Людей в автобусе было не много. Некоторые остались в нём, желая вернуться в город и переждать непогоду там, а несколько человек, натянув шапки глубже, подняв воротники на пальто, на куртках, вышли и направились к селу, пробивая дорогу в полуметровом снегу, они не могли вернуться в город, их ждали дома. Среди них был и Павел Новиков. Его ждут мама и сестрёнка Нина. Мама говорила, что к ней уже сватался приезжий парень, может, уже стала мужней женой и не ждёт брата? А ведь сел в тюрьму он, чтобы честь её сохранить, чтобы никто не посмел называть её «шалавой».

Идти несколько километров, преодолевая порывы ветра, секущий лицо снег, с трудом вытаскивая ноги из сугробов, было очень трудно. Но парень был молодой, сильный и выносливый. Был жилистый, как говорил его физрук в далёкие школьные годы. Вот, и условно досрочное освобождение получил за то, что от тяжёлой работы никогда не отлынивал, в конфликты не ввязывался, авторитетам не перечил, понимая бесполезность таких попыток, короче, был образцовым заключённым, не доставляющим никому хлопот. Будь по другому, пришлось бы ему сидеть ещё до осени. Остановился, перевёл дыхание, посмотрел по сторонам, убедился, что не сбился с дороги, все сошедшие с ним пассажиры шли кучно в одном направлении. Слегка, согнувшись, чтобы уменьшить сопротивление ветру, он пошёл дальше.

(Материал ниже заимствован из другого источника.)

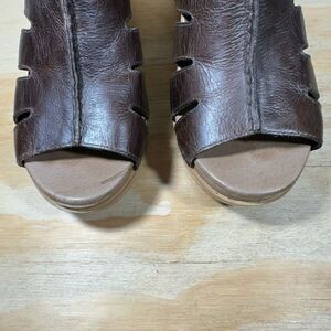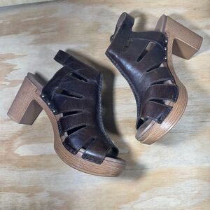 Dansko Demetra brown leather peep toe sandals in preowned condition

Вот, и родная улица. В каждом доме свет в окошках, из каждой трубы дымок вьётся. Паша ускорил шаг, благо, дорогу прочистили недавно, и идти было легче, чем в поле. У него радостно забилось сердце при приближении к дому. Калитка уже не зелёная, а синяя, почему-то, и лавочки, на которой гуляли детьми, у неё не стало. Но дом, крыльцо, ступеньки, всё родное, знакомое. Постоял, перевёл дыхание, вдохнул воздух полной грудью, чтобы сердце успокоилось, и постучал в окошко.

…..

– Да, иду я, иду, не греми так! Коля, ты? – Послышалось за дверью, на крыльце тусклым светом замерцал светильник, в дверном проёме стояла молодая, красивая, очень похожая на маму в молодости, его сестрёнка.

– Нет, Нина, это не Коля, это я, Паша.

Было видно, что она не ожидала увидеть брата. Молча стала пятиться в дом.

–А-а-а… Чего ты тут, а не в тюрьме? – Выдавила силой из себя нелепый вопрос. Павел засмеялся.

– Не бойся, не сбежал я. Условно досрочно освободили. А мама где, почему не выходит? На работе? – Нина молчала. – Чего молчишь?

– Так…Нет…Мамы…Больше. Померла ещё осенью… А ты что – не знал?

Паша не мог понять смысла услышанных слов. Он видел маму осенью, она была жива и здорова. Приезжала на свидание, радовалась, что сидеть ему осталось меньше года. Как же она могла умереть, не дождавшись его? Она же ещё совсем молодая… Опустился на табурет у стола, ноги не держали. От длинного трудного пути – не держали, от вести страшной и непостижимой стали ватными.

– Почему же ты мне не написала, не сообщила?

– А что сообщать? Она во сне умерла. Сегодня умерла, завтра похоронили, ты бы всё равно не приехал, не отпустили бы тебя.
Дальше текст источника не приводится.